Then for some more specifics. Regarding the use of logistic or Cox-models a few things are important. Logistic models try to fit a model for the probability of an outcome and so essentially only consider if a person develops the outcome yes or no. If people are followed over a long period of time however, obviously some people will develop the outcome earlier than others but this information is discarded by the logistic model. In addition, a logistic model in it’s simple form can’t deal with individuals who leave the study due to other reasons (censoring): we don’t know if they develop the outcome or not. Survival models such as the Cox-model model the time-to-event (or time to censoring) and so are specifically suited to dealing with time-to-event data and the censoring issue described above. If your follow-up period is brief (and I think 30 days can be considered short), then these issues are not very prominent and a logistic model can be used for your mortality prediction.

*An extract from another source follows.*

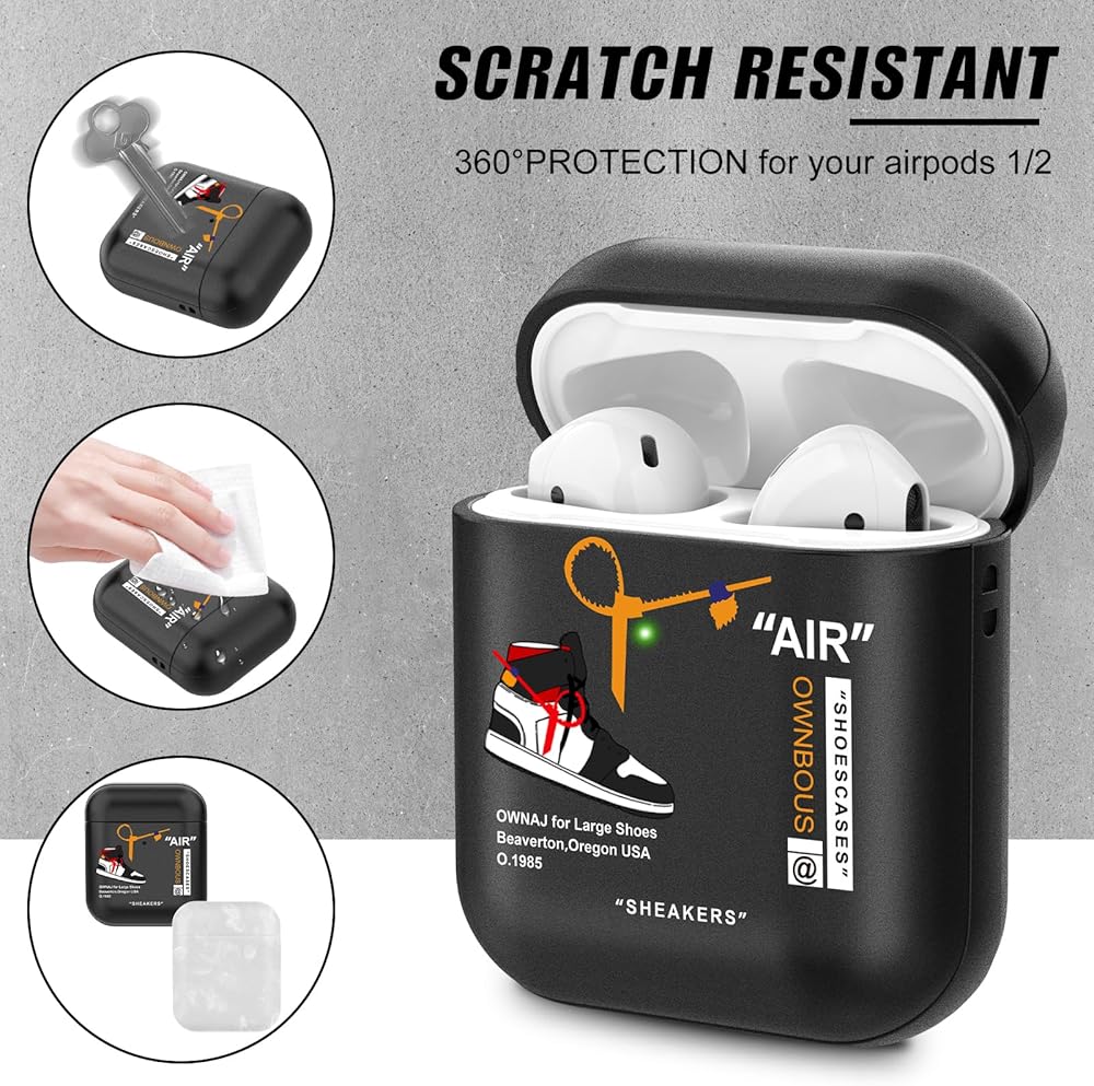 【حماية فائقة】توفر لك مادة البولي كربونات ذات الملمس الحبيبي ثلاثي الأبعاد لمسة مثالية، وسهلة التنظيف للبقع السطحية، كما أن الكمبيوتر الممتص للصدمات يحافظ على حافظة Airpod الجيل الأول والثاني آمنة حتى من أسوأ السقطات والتأثيرات.

As a second point, on why you should only use data from the first 30 days, if you want to predict short term mortality there will be other variables that are predictive of death than for long term mortality. In the short term, things like acute infection, hospital admission etc will probably predict a higher chance of death as they are indicative of short term (life-)threatening conditions, whereas in the long term predictors related to chronic disease/health such as blood pressure or cholesterol will probably predict mortality as they are indicative of long term health threats such as cardiovascular disease. Take again acute infection as an example, you can die of an acute infection in which case the infection will predict your (short-term) death, but if you live then your long term chance of death will be (almost) unaffected (why would an infection 10 years ago, now predict a substantially higher chance of dying you could ask yourself).

Your post seems to ask if you could use a Cox model with 15 years of data to predict your 30 day mortality. For the reasons above, it (probably) can’t. A Cox model using all 15 years of data is basically a model for predicting long term mortality risk and will probably include measures such as blood pressure. Of course you can ask this model for the predicted mortality at 30 days, but it will likely be 1.) a small probability and 2.) inaccurate because the model (probably) only includes predictors of long term mortality which are not suited/useful for accurate short term predictions.

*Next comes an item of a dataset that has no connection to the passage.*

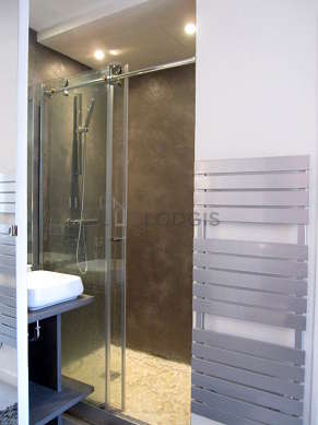 Cet appartement est équipé d'une salle de bain agréable. Cette salle d'eau bénéficie du nécessaire pour votre bien-être au quotidien : serviettes de bain, douche séparée, sèche cheveux, radiateur sèche-serviettes. Les toilettes sont intégrées dans la salle de bain.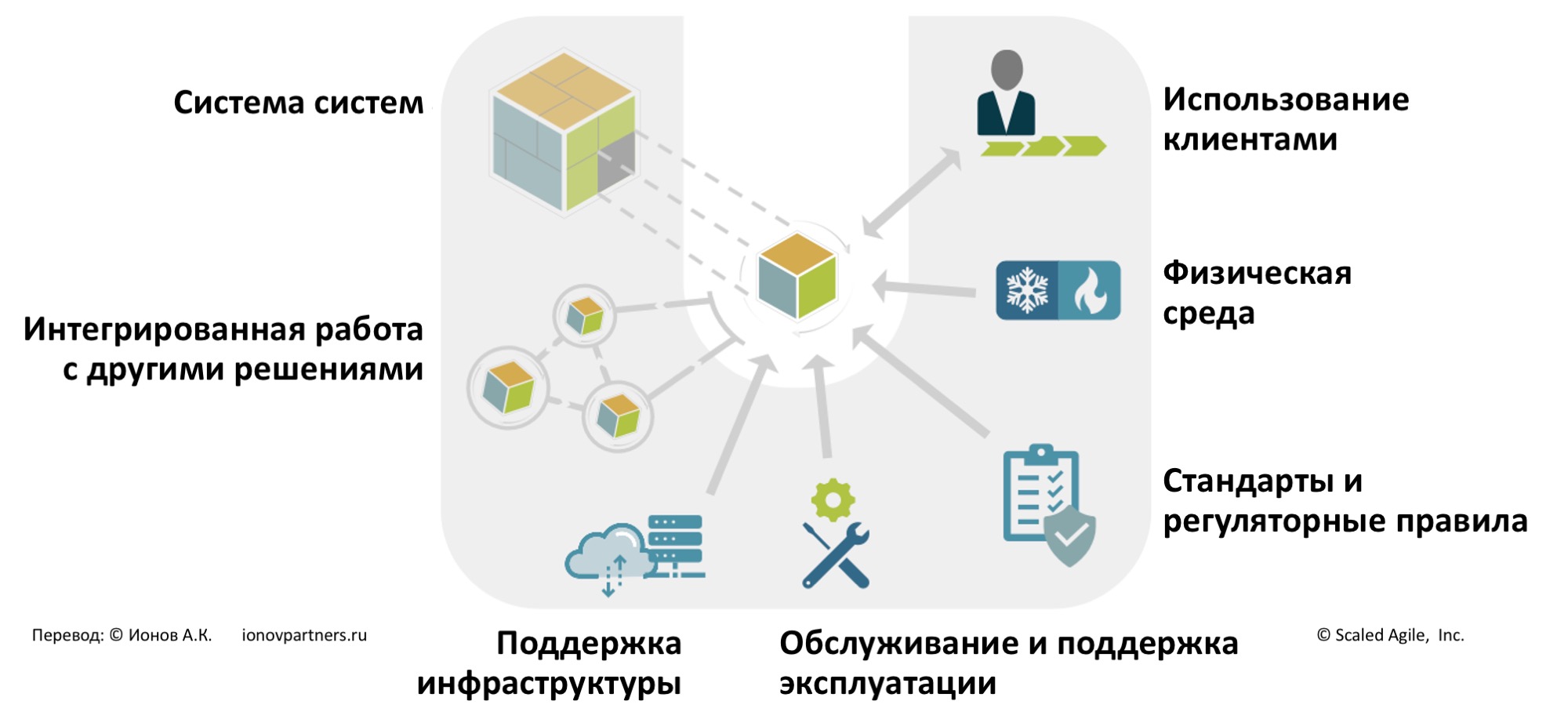 Крупные решения часто требуют наличия других решений для их проектирования, тестирования, развёртывания, производства и эксплуатации. Например, киберфизические системы нередко предполагают создание значительного объёма испытательного и производственного оборудования параллельно с самим решением. Крупные ИТ-системы также требуют существенной инфраструктуры для эксплуатации. Контекст решения, показанный на рисунке 5, отражает эти аспекты. Среда, в которой функционирует решение, влияет на все элементы его разработки, включая интент решения и проектирование, приоритеты разработки, реализацию и тестирование решения, управление релизами и многое другое.

There are then 2 things you could do. Fit a Cox-model treating everyone who did not die at 30 days as alive at 30 days (so they get censored at the end of the 30 day follow-up). Or, as censoring and time-to-event is less of an issue in such a short time and as you mention Cox-models carry a number of additional assumptions, just fit a logistic model on the 30 day outcome. Set everyone who did not die at the 30 day mark as alive and those that did die as death and use this as the outcome for your model. In both cases, be sure not to include measurements performed after the 30 day mark in your model (not sure about your study design, but in case you have several measurement timepoints for an individual, don’t include data collected after the end of your desired follow-up period. Future data can’t be collected to predict a death in the past in real life practice after all).

4 Likes

I agree with everything in that answer. The one hesitation I have is that someone who dies at 31 days would be treated as a complete success. Instead I’d like to borrow information from them. This could be handled by fitting covariates in the Cox model in the standard way, and adding interactions with all of them and log(time) as time-dependent covariates.

2 Likes

Dear @scboone ,

First of all, thank you very much for your detailed response!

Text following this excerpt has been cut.